Social Media And Its Effect On The Mental Health Of Teens In America

A relatable scenario for any American parent with teens is going on a drive, only to see your child taking multiple selfies of themselves with their phone, and then posting it on a social media platform like Instagram or Snapchat. According to the American Academy of Child and Adolescent Psychiatry, 90% of teens aged 13-17 have used social media, and teens are online on average nine hours a day, not including time spent on homework. Given the large amounts of time teens spend on social media platforms, it should behoove us to ask if such use has any association with their mental well-being?

According to the CDC’s Bi-Annual Youth Risk Behavior Survey, 57% of teen girls experience persistent feelings of sadness or hopelessness, which has increased dramatically from 36% in 2011. 30% of teen girls have also seriously considered suicide, up from 19% in 2011. The numbers for teen boys are not as dramatic but still worrisome, as 29% of teen boys experience persistent feelings of sadness and hopelessness, up from 21% in 2011. 14% of teen boys have seriously considered suicide, up from 13% in 2011.

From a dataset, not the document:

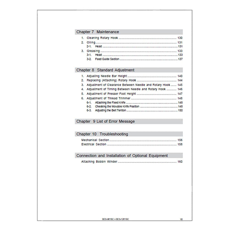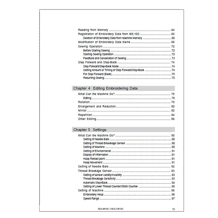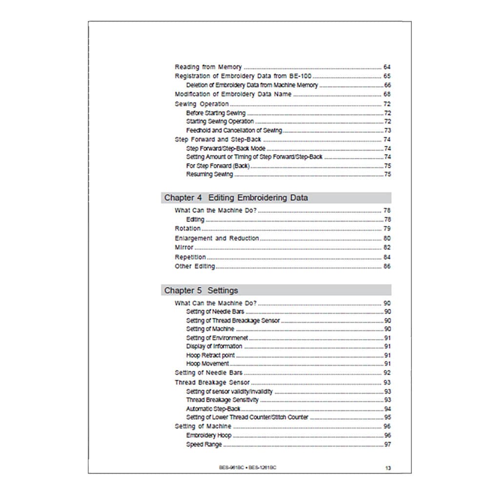 Brother BES-961BC Sewing Machine Instruction Manual (Model 961BC/1261BC) - 164 Pages. Lost your sewing machine's manual? We've got you covered! This instruction manual is the ultimate guide to unlock the full potential of your Brother BES-961BC. No more confusion or frustration—just clear, concise instructions right at your fingertips. What's inside? Everything you need to know from setting up to mastering your sewing machine and all its features.

It is crystal clear that the mental health of our teens has deteriorated at alarming numbers and rates, but what is causing this phenomenon, and to what extent if any is social media the culprit? A 2019 research study based on population based data from the UK Millennium Cohort Study published in the Journal of eClinicalMedicine found the magnitude of association between social media use and depressive symptoms larger for girls than boys, similar to the findings in the CDC’s Bi-Annual Youth Risk Behavior Survey. In this study, greater social media use related to online harassment, poor sleep, low self-esteem, body weight dissatisfaction, and higher depressive symptom scores.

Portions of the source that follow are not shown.